In consideration of the execution and delivery of the Settlement Agreement by Sloan-Kettering, Kosan and Sloan-Kettering agree that without prejudice to either party as to the interpretation of any provision of Article 7 of the License Agreement:
(i) | Kosan shall not offset any royalty payments by Kosan to BMS under the Cross-License (or any modifications of or amendments to the Cross-License) against Sloan-Ketterings royalties under Section 7.5 of the License Agreement with respect to royalty payments Kosan receives from its sublicensee, Roche; |
(ii) | Kosan will pay Sloan-Kettering [*] of (a) any payment Kosan receives from Roche pursuant to paragraph 3 of the Roche Letter Agreement and (b) any other payment Kosan receives from Roche pursuant to the Roche Letter Agreement to the extent required under the License Agreement; |
(iii) | Kosan has no intention to amend the terms of the Roche Letter Agreement in a manner that would adversely impact Sloan-Kettering; |
CERTAIN CONFIDENTIAL INFORMATION CONTAINED IN THIS DOCUMENT, MARKED BY BRACKETS, HAS BEEN OMITTED AND FILED SEPARATELY WITH THE SECURITIES AND EXCHANGE COMMISSION PURSUANT TO RULE 24b-2 OF THE SECURITIES EXCHANGE ACT OF 1934, AS AMENDED.

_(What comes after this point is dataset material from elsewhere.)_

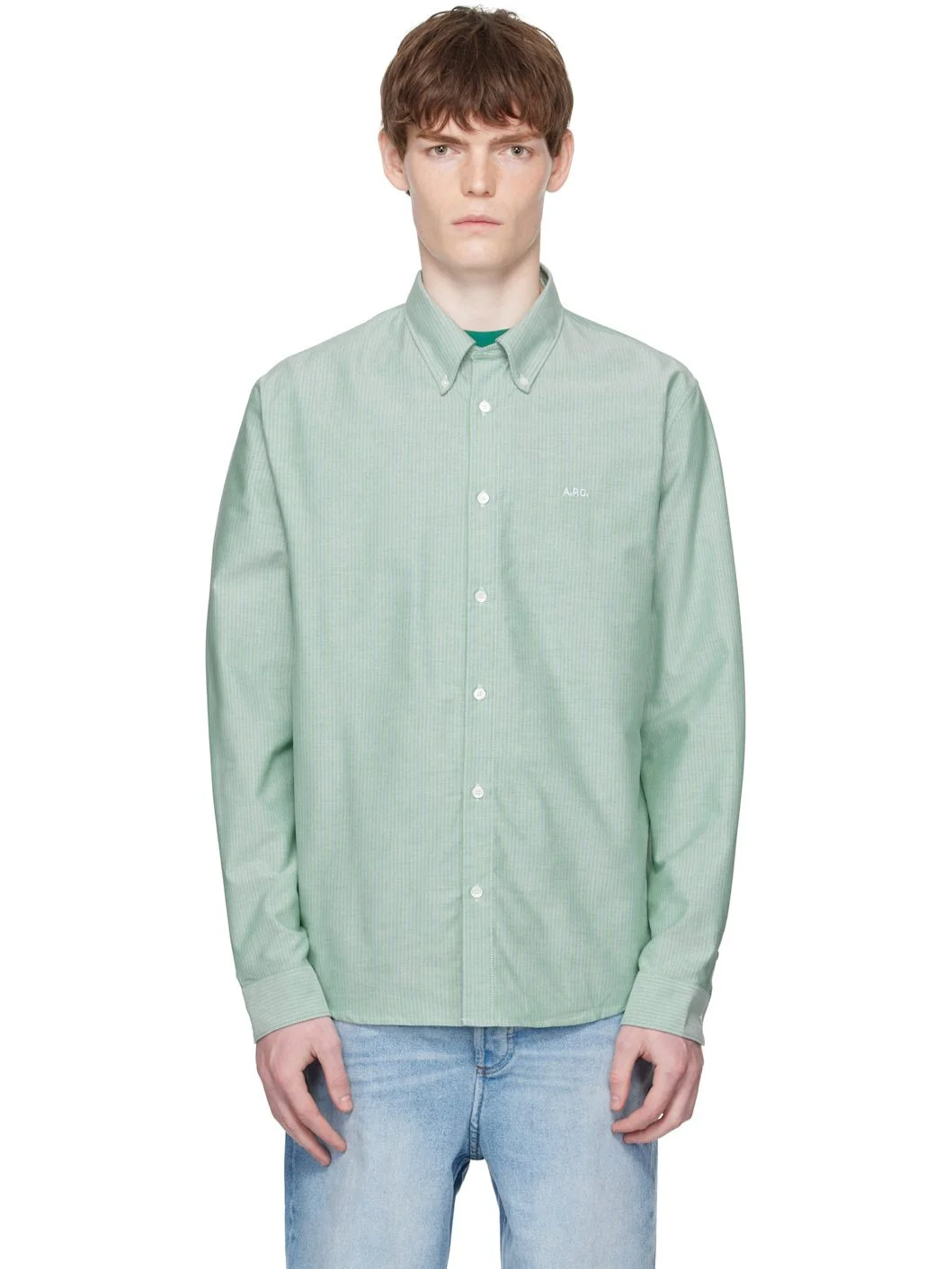 Plain-woven organic cotton shirt. · Striped throughout · Button-down spread collar · Button closure · Logo embroidered at chest · Shirttail hem · Buttoned barrel cuffs Supplier color: Almond Green 100% cotton. Made in Tunisia 252252M192020

(iv) | Promptly after the execution and delivery of this letter agreement and the Settlement Agreement by Sloan-Kettering, Kosan agrees to provide SKI on a confidential basis, a complete copy of the Roche Letter Agreement without any redaction; |
(v) | Upon final resolution of the Interference, Kosan will submit an invoice for all outside counsel fees, USPTO fees, expert witness fees and other Expenses associated with the Interference (as both such capitalized terms are defined in the Roche Letter Agreement) to Roche pursuant to paragraph 3 of the Roche Letter Agreement. For the avoidance of doubt, once such invoice is submitted to Roche, and the payment contemplated by paragraph 3 of the Roche Letter Agreement is made by Roche to Kosan, Kosan will promptly pay [*] to Sloan-Kettering and will not contend that any of the payment made by Roche was a reimbursement for anything other than outside counsel fees, USPTO fees and expert witness fees as Expenses associated with the Interference; and |
(vi) | Kosan will pay Sloan-Kettering [*] of any royalty payment Kosan receives from BMS pursuant to the Cross-License. |
Please have this letter signed below where indicated by the appropriate representative of Sloan-Kettering to indicate Sloan-Ketterings acceptance of the terms set forth above.
Regards, |
/s/ Margaret A. Horn |
Margaret A. Horn |
Senior Vice President, Legal and Corporate Development and General Counsel |
ACKNOWLEDGED AND AGREED | ||
The Sloan-Kettering Institute for Cancer Research | ||
BY: | /s/ Gustave J. Bernhardt | |
TITLE: | Director Research Resources Management |
DATE: May 4, 2006
CERTAIN CONFIDENTIAL INFORMATION CONTAINED IN THIS DOCUMENT, MARKED BY BRACKETS, HAS BEEN OMITTED AND FILED SEPARATELY WITH THE SECURITIES AND EXCHANGE COMMISSION PURSUANT TO RULE 24b-2 OF THE SECURITIES EXCHANGE ACT OF 1934, AS AMENDED.